-- DATASET CONTENT follows --

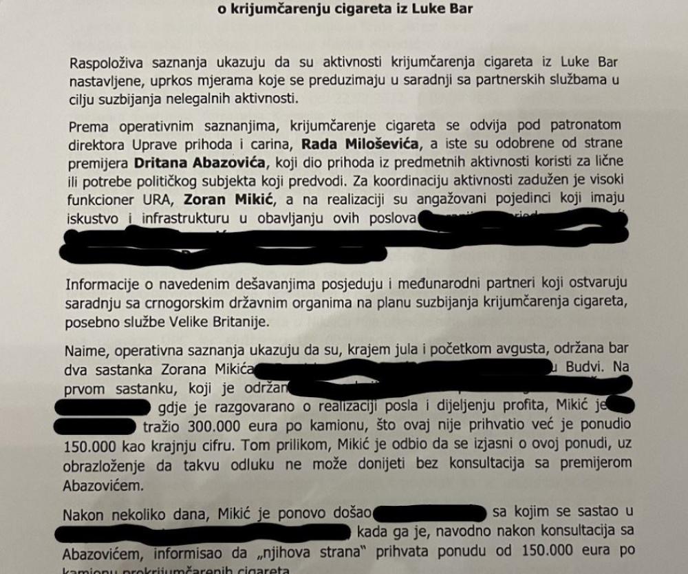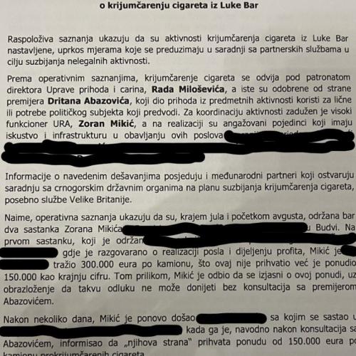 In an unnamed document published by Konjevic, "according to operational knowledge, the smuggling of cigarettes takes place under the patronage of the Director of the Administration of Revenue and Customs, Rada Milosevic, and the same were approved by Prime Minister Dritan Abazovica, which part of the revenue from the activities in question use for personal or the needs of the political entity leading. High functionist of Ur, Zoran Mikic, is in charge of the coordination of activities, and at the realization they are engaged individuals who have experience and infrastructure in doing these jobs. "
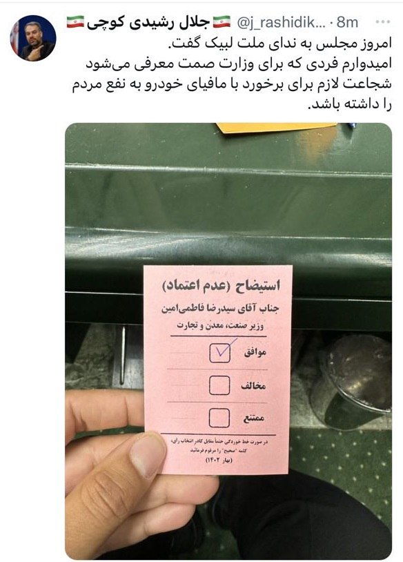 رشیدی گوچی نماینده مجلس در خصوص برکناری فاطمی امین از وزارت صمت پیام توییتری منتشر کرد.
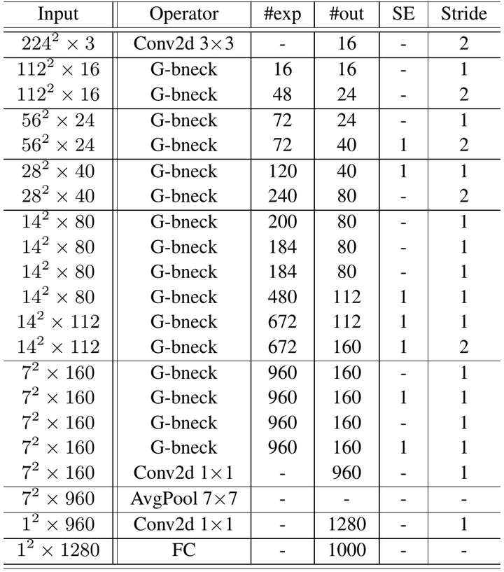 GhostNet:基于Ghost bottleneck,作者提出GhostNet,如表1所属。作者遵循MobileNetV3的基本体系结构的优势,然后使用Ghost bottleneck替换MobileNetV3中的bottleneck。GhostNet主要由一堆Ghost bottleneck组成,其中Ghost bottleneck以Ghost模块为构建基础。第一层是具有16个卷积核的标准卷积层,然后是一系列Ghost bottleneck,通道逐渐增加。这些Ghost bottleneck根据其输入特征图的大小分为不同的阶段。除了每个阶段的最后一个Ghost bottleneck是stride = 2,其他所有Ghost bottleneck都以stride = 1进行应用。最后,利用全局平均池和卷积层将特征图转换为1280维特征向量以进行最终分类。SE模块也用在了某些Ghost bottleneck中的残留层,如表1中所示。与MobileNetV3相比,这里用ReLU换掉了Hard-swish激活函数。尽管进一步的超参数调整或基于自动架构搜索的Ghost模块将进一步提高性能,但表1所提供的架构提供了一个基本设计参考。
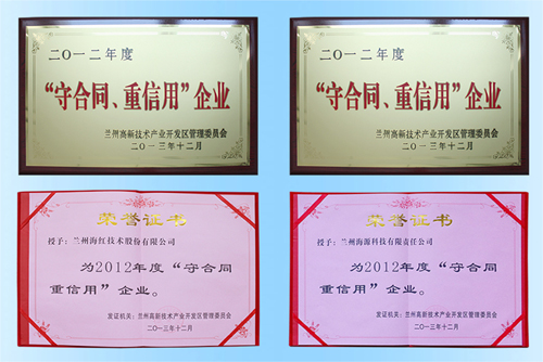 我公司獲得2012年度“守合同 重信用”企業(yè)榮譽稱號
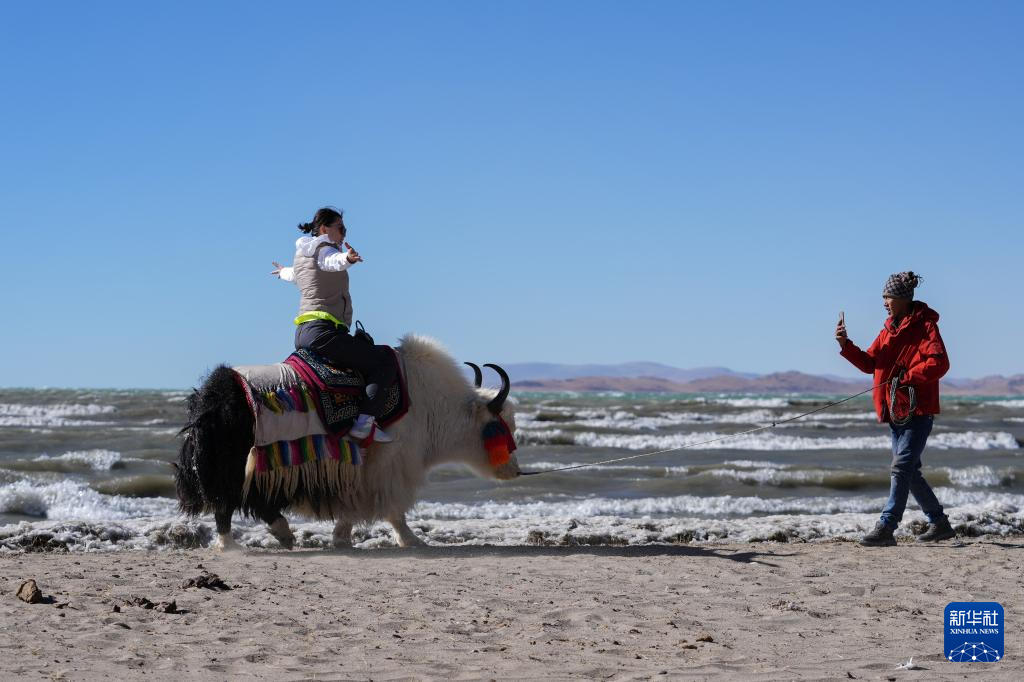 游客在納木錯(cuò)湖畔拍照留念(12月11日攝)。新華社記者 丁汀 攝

-- DATASET CONTENT concluded --
-- DATASET CONTENT follows --

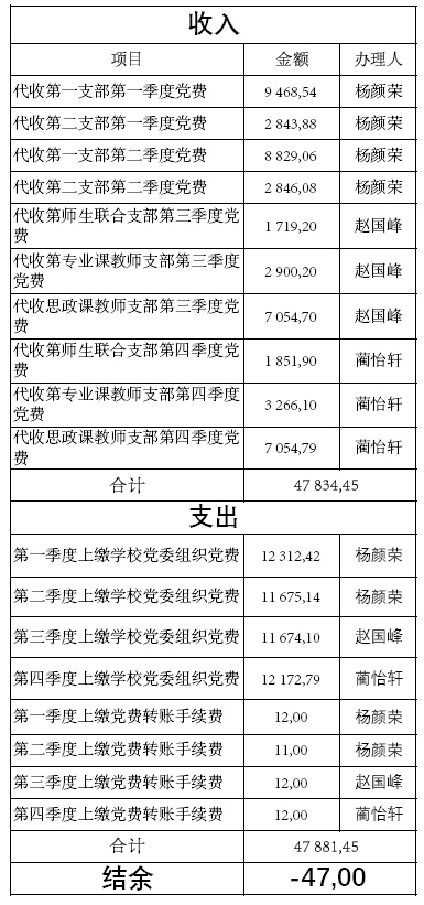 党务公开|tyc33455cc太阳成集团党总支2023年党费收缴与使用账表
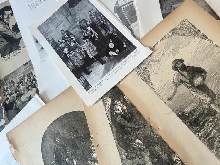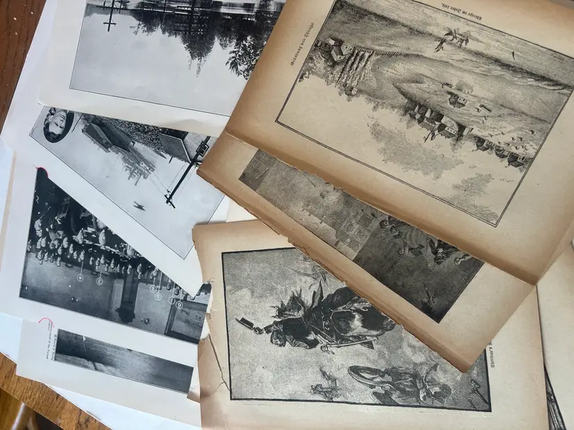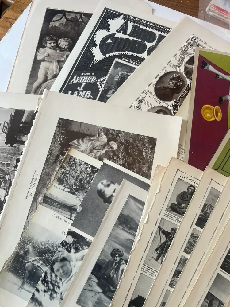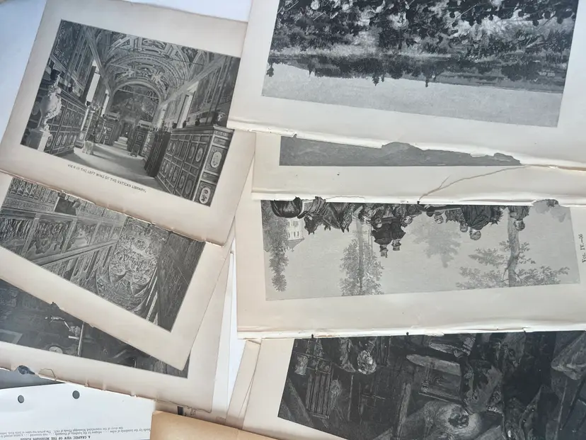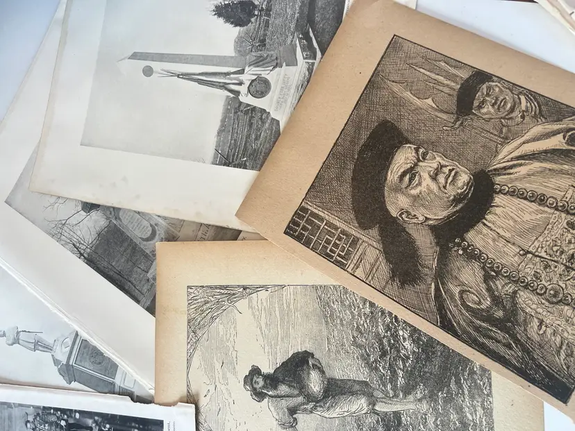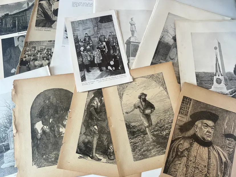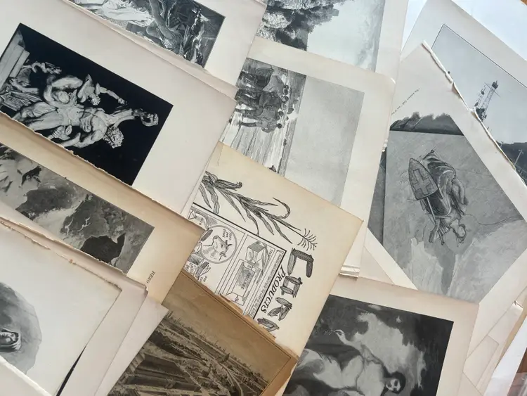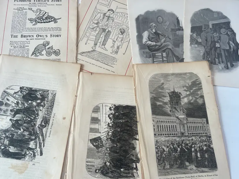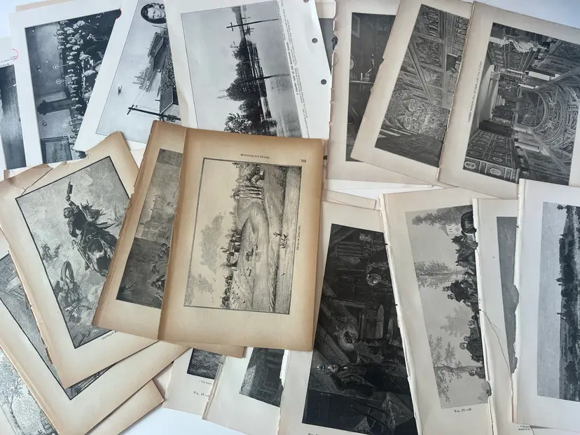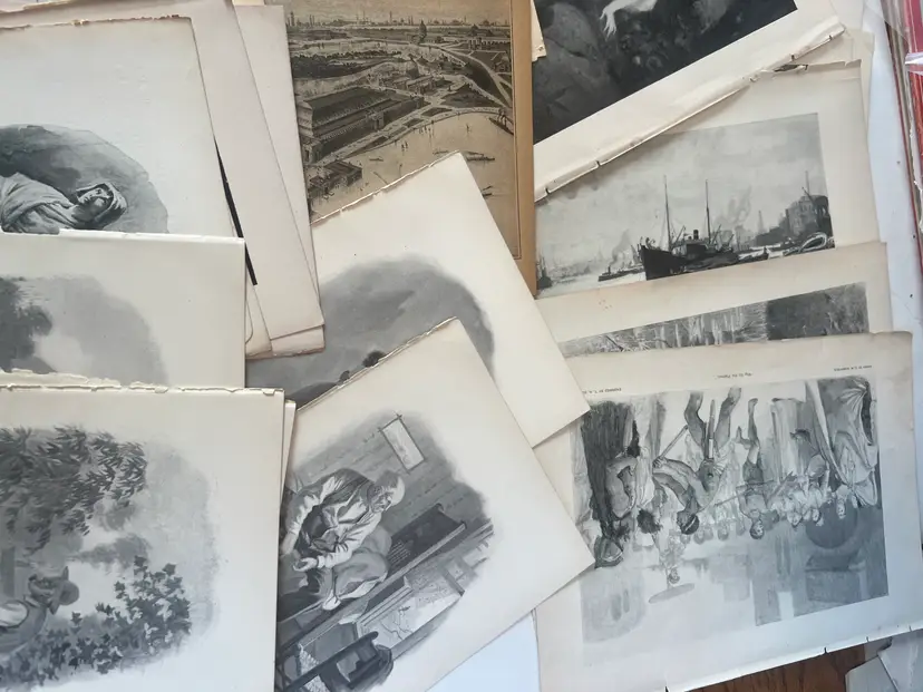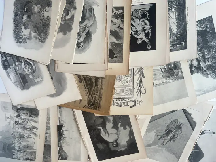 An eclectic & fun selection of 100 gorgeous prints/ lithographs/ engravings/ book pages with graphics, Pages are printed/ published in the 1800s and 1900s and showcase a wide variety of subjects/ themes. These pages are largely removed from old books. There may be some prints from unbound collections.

-- DATASET CONTENT concluded --

TASK DIRECTIONS>
What is needed is an exact copy of the lines above from the one with "党务公开|tyc33455cc太阳成集团党总支2023年党费收缴与使用账表" to the one with "An eclectic &", both ends kept, and nothing more; please leave the pictures out.

SOLVED EXERCISE>
 党务公开|tyc33455cc太阳成集团党总支2023年党费收缴与使用账表
 An eclectic & fun selection of 100 gorgeous prints/ lithographs/ engravings/ book pages with graphics, Pages are printed/ published in the 1800s and 1900s and showcase a wide variety of subjects/ themes. These pages are largely removed from old books. There may be some prints from unbound collections.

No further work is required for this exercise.